What patients didn’t want, I learned, was to wait two to three weeks for an appointment. Because my schedule had holes in it that looked like Swiss cheese, I could promise same-day appointments. Patients didn’t want to wait 60–90 minutes in the “waiting room” to see their doctor, either. I changed the name to the “reception area” and promised to see patients within 15 minutes of their designated appointment time or there would be no charge. Consequently, I developed a reputation as the “on-time doctor.”
In the Amish community where I grew up, we had a family practice doctor who made house calls. He was a high-touch physician and developed a close bond with his patients. (With COVID-19, telehealth has limited physicians’ ability to touch and even examine patients.)
After World War II, doctors became more dependent on diagnostic and therapeutic technology and as the time spent with each patient became shorter, they lost some of the art of communicating with patients. A recent article reported that the average doctor interrupts a patient after only 11 seconds during the doctor-patient encounter.(1)
My next marketing strategy was to start speaking to lay audiences about healthy lifestyle behaviors. Nearly every service club I approached welcomed me. I did a 20-minute talk and provided a handout with my contact information. As a result of the public speaking, I received one or two patients every month.
I also distributed a sign-in sheet at the speaking engagements and collected the names and mailing addresses of everyone who attended the program. I then created a one-page newsletter focusing on additional areas of interest and expertise and sent the newsletter to my mailing list once a quarter. These newsletters came to the attention of the editors of a local health and fitness magazine, and they asked me to contribute monthly articles. This also generated a few patients every month.
Next came an invitation to host a weekly call-in radio talk show. I thought I was going to be the next Sanjay Gupta (it was Art Ulene and Dr. Timothy Johnson at the time). I loved doing the program until the day they called me during my office hours to come to the radio station to do the promos for the weekend program. When I told them I was with patients and it would be difficult to come to the station, they responded, “If you can’t come, we will cancel the program!” Although I adjusted my appointment schedule, I decided that being a media star was too high a price to pay and terminated my relationship with the station after two years.

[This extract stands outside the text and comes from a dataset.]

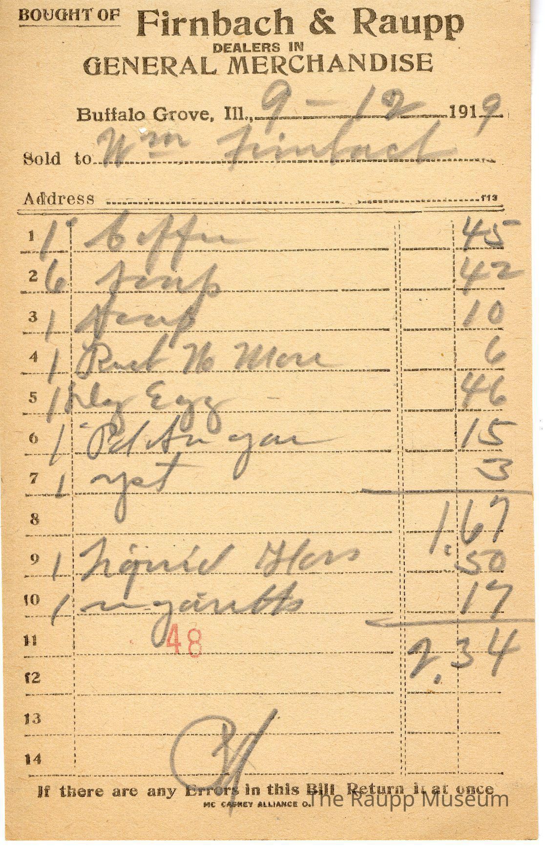 One (1) Firnbach and Raupp store receipt from September 12, 1919. Receipt is rectangular with black printed text and written notes in pencil. The receipt is for Wm. Firnbach, who bought one pound of coffee for $0.45, six soaps for $0.42, one soup for $0.10, one Reel No More (?) for $0.06, one (unit of) large eggs for $0.46, one pound of sugar for $0.15, one yeast for $0.03, one liquid glass for $0.50, and one ugainetts (?) for $0.17. Bill total is $2.34. There's a red stamp of 48 close to the bottom with the bill marked as paid.

These strategies were helpful in attracting new patients, but I also wanted to reach out to referring physicians. I wanted to make my name and the name of my practice cross the mind and desk of referring doctors as frequently as possible. One of the easiest approaches was prompt reporting to any referring physicians.
Referring doctors, especially primary care physicians, appreciated hearing from specialists about their patients as soon as possible. The cardinal rule is to “never allow the patient to arrive back in the referring physician’s office before your report does.” I developed a “lazy man’s referral letter” (requires no dictation) which was a fill-in-the-blank letter that outlined the patient’s diagnosis, medication prescribed, and the treatment plan. The nurse completed the letter at the end of the day and faxed it to the referring doctor. (Today, this is easily accomplished using the EMR that captures the same fields and is emailed immediately to the referring doctor.)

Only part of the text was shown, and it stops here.